## Exercise requirements
Give back the whole listing word for word and skip each picture.
───── Available data
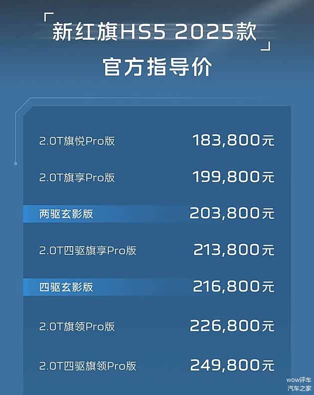 接下来我们就来看看购买配置推荐。2025款红旗HS5,新车共计推出7款配置车型,起售价格从18.38万元~24.98万元。其实还是比较好区分,一共就是四种配置形式,旗悦Pro版、旗享Pro版、玄影版、旗领Pro版,除了入门配置旗悦Pro版,其余每个配置都提供两驱版和四驱版,如此一看就简单多了,从四个配置中选择即可,再看是否有四驱需求。
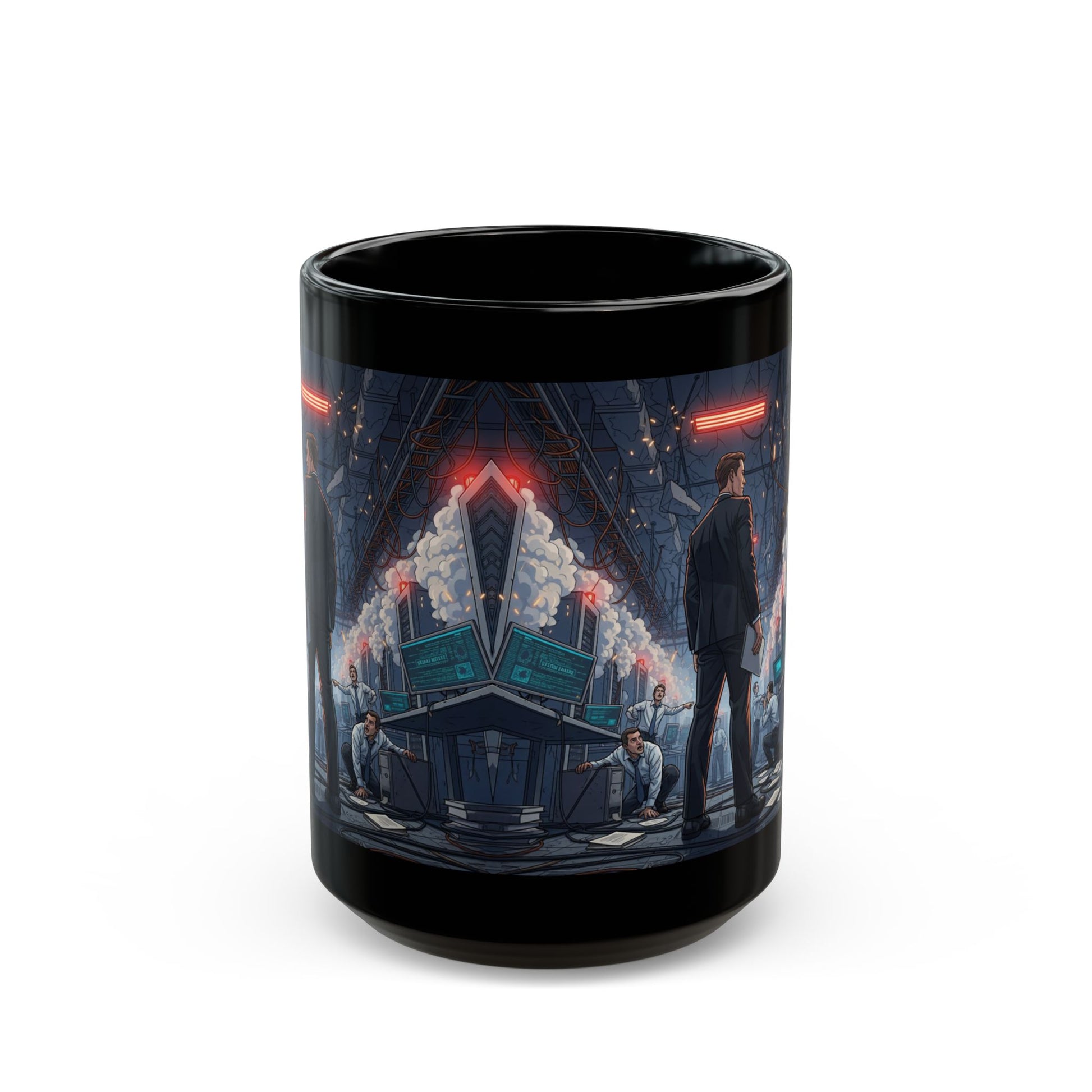 Steam hums in the server room. He stands calm amid blinking lights and tangled cabling, coffee warming his hands as systems scramble to come back online. This black ceramic mug carries that moment — steady, focused, and a little heroic. The glossy surface makes the printed scene pop: a sharp, detailed silhouette of an executive overseeing the chaos. It’s the kind of mug an IT lead reaches for during long maintenance nights, a companion for late-shift problem-solving, and a quiet reminder that composure matters when everything else is flaring red. Use it during on-call shifts, deployment nights, or whenever you need a grounded sip before diving back into the console.
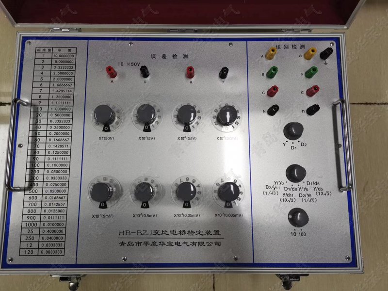 HB-BZJ3三相变比电桥检定装置是青岛市平度华宝电气有限公司研制生产的主要用来检定各种变压比电桥,既可单相三相检定其误差又可检定其连接组别。该设备准确度高,设计变比测试范围广,适用于检定各种变压比电桥。HB-BZJ3型一次接线即可完成三相变压器变比组别测试仪的校验检定,大大提高了工作效率及校验精度,是计量院、电科院、检测公司理想的校验工具。另外该设备还可以用来作为高精度感应分压器来使用。在检定变压比电桥误差时,单相检定不能完全反映各开关内部连线是否正确,IEC74-4文件要求(变压比电桥检定规程也将规定),电桥在检定误差后,还必须用各种连接方式的实际三相变压器进行检定。因此,装置中设计有三相组合电压互感器,该仪器由三台精密电压互感器组成,通过开关切换成各种接线方式的实际三相变压器,并有多个变比。该设备准确度高,体积小,重量轻,使用方便。
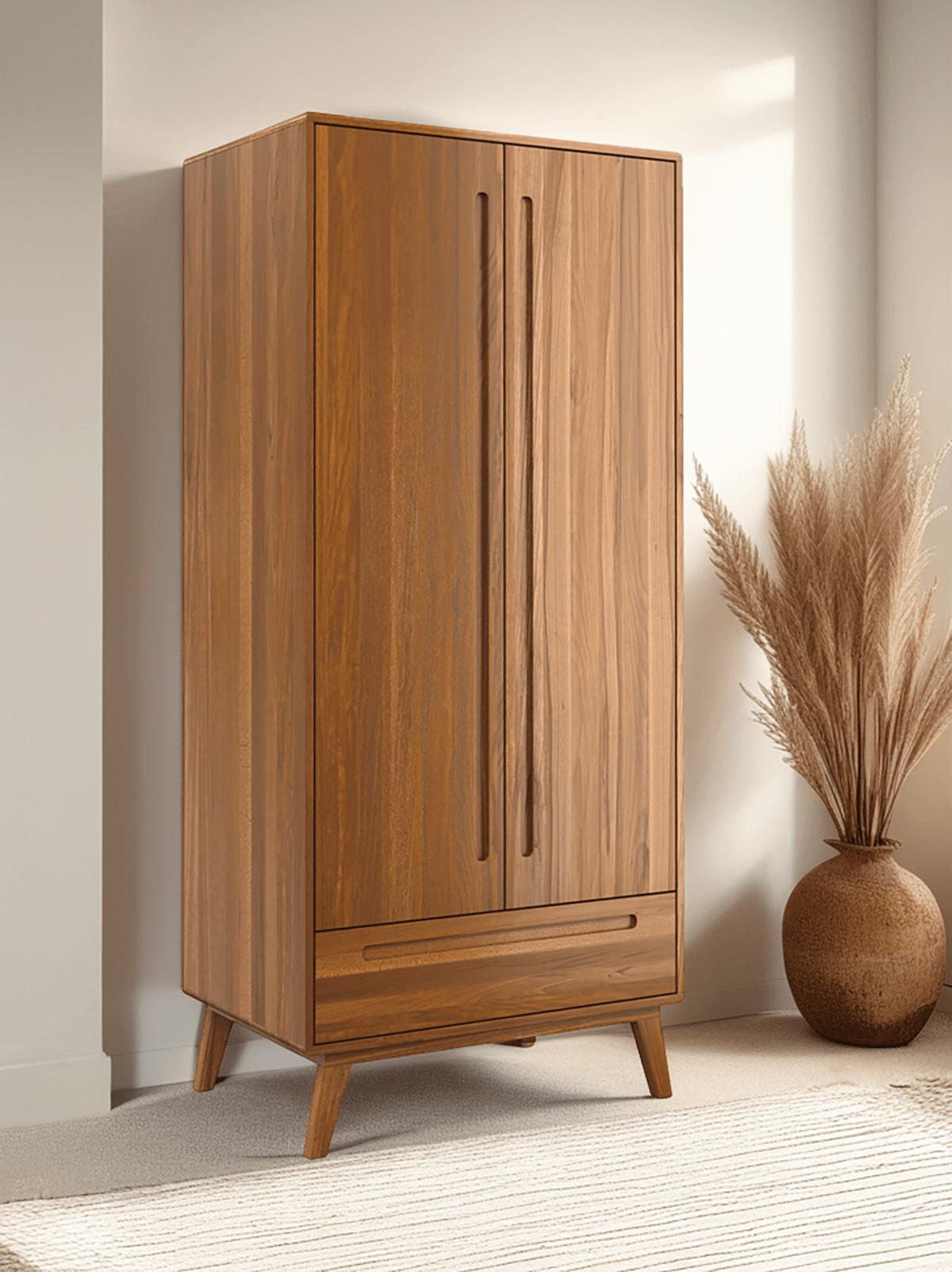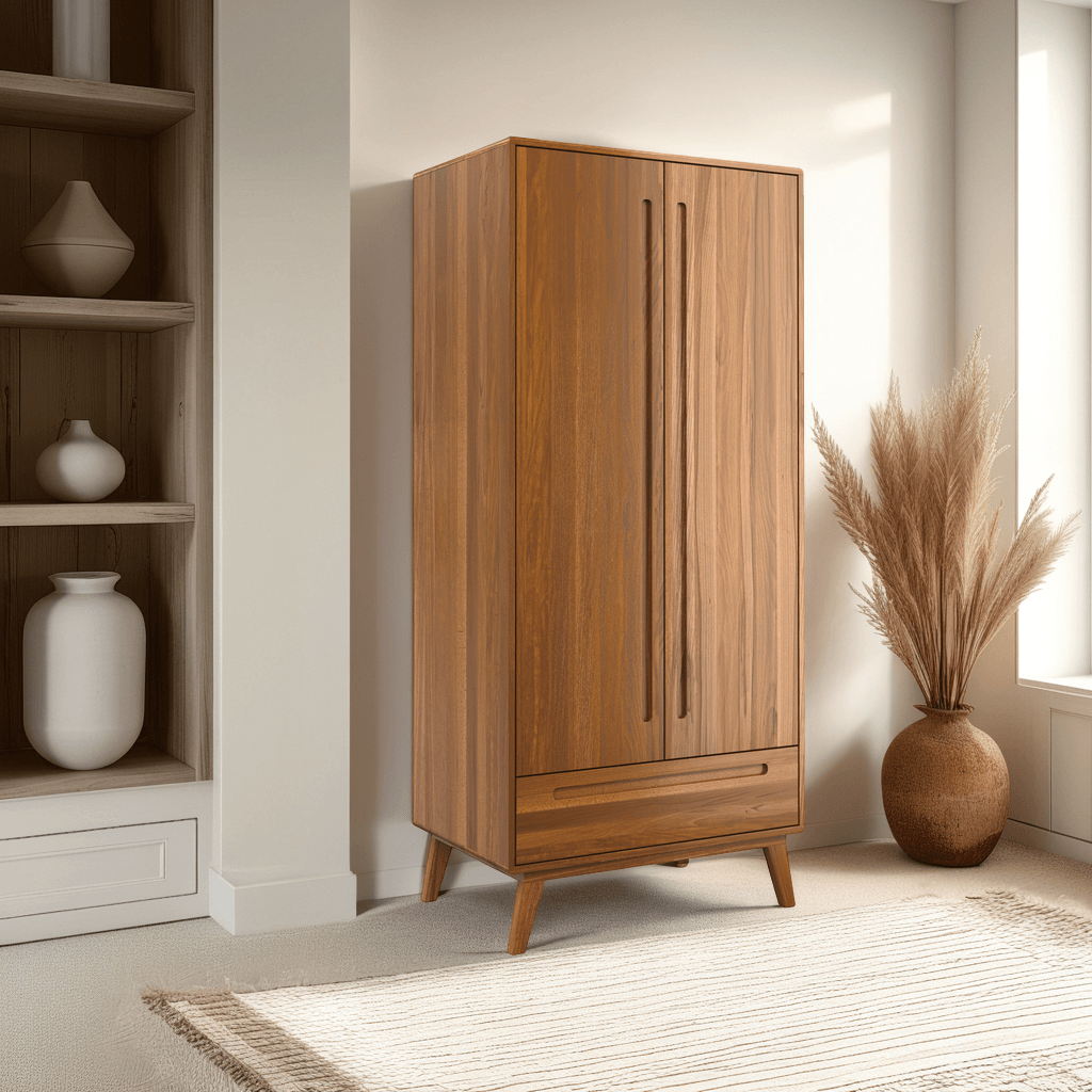 Masywna Konstrukcja z Bukowego Drewna - Konstrukcja tej szafy wykonana jest z litego drewna bukowego, co gwarantuje nie tylko trwałość, ale również naturalny urok. Dzięki temu mebel świetnie sprawdzi się przez wiele lat.
──────────
## Solution to the exercise
 接下来我们就来看看购买配置推荐。2025款红旗HS5,新车共计推出7款配置车型,起售价格从18.38万元~24.98万元。其实还是比较好区分,一共就是四种配置形式,旗悦Pro版、旗享Pro版、玄影版、旗领Pro版,除了入门配置旗悦Pro版,其余每个配置都提供两驱版和四驱版,如此一看就简单多了,从四个配置中选择即可,再看是否有四驱需求。
 Steam hums in the server room. He stands calm amid blinking lights and tangled cabling, coffee warming his hands as systems scramble to come back online. This black ceramic mug carries that moment — steady, focused, and a little heroic. The glossy surface makes the printed scene pop: a sharp, detailed silhouette of an executive overseeing the chaos. It’s the kind of mug an IT lead reaches for during long maintenance nights, a companion for late-shift problem-solving, and a quiet reminder that composure matters when everything else is flaring red. Use it during on-call shifts, deployment nights, or whenever you need a grounded sip before diving back into the console.
 HB-BZJ3三相变比电桥检定装置是青岛市平度华宝电气有限公司研制生产的主要用来检定各种变压比电桥,既可单相三相检定其误差又可检定其连接组别。该设备准确度高,设计变比测试范围广,适用于检定各种变压比电桥。HB-BZJ3型一次接线即可完成三相变压器变比组别测试仪的校验检定,大大提高了工作效率及校验精度,是计量院、电科院、检测公司理想的校验工具。另外该设备还可以用来作为高精度感应分压器来使用。在检定变压比电桥误差时,单相检定不能完全反映各开关内部连线是否正确,IEC74-4文件要求(变压比电桥检定规程也将规定),电桥在检定误差后,还必须用各种连接方式的实际三相变压器进行检定。因此,装置中设计有三相组合电压互感器,该仪器由三台精密电压互感器组成,通过开关切换成各种接线方式的实际三相变压器,并有多个变比。该设备准确度高,体积小,重量轻,使用方便。
 Masywna Konstrukcja z Bukowego Drewna - Konstrukcja tej szafy wykonana jest z litego drewna bukowego, co gwarantuje nie tylko trwałość, ale również naturalny urok. Dzięki temu mebel świetnie sprawdzi się przez wiele lat.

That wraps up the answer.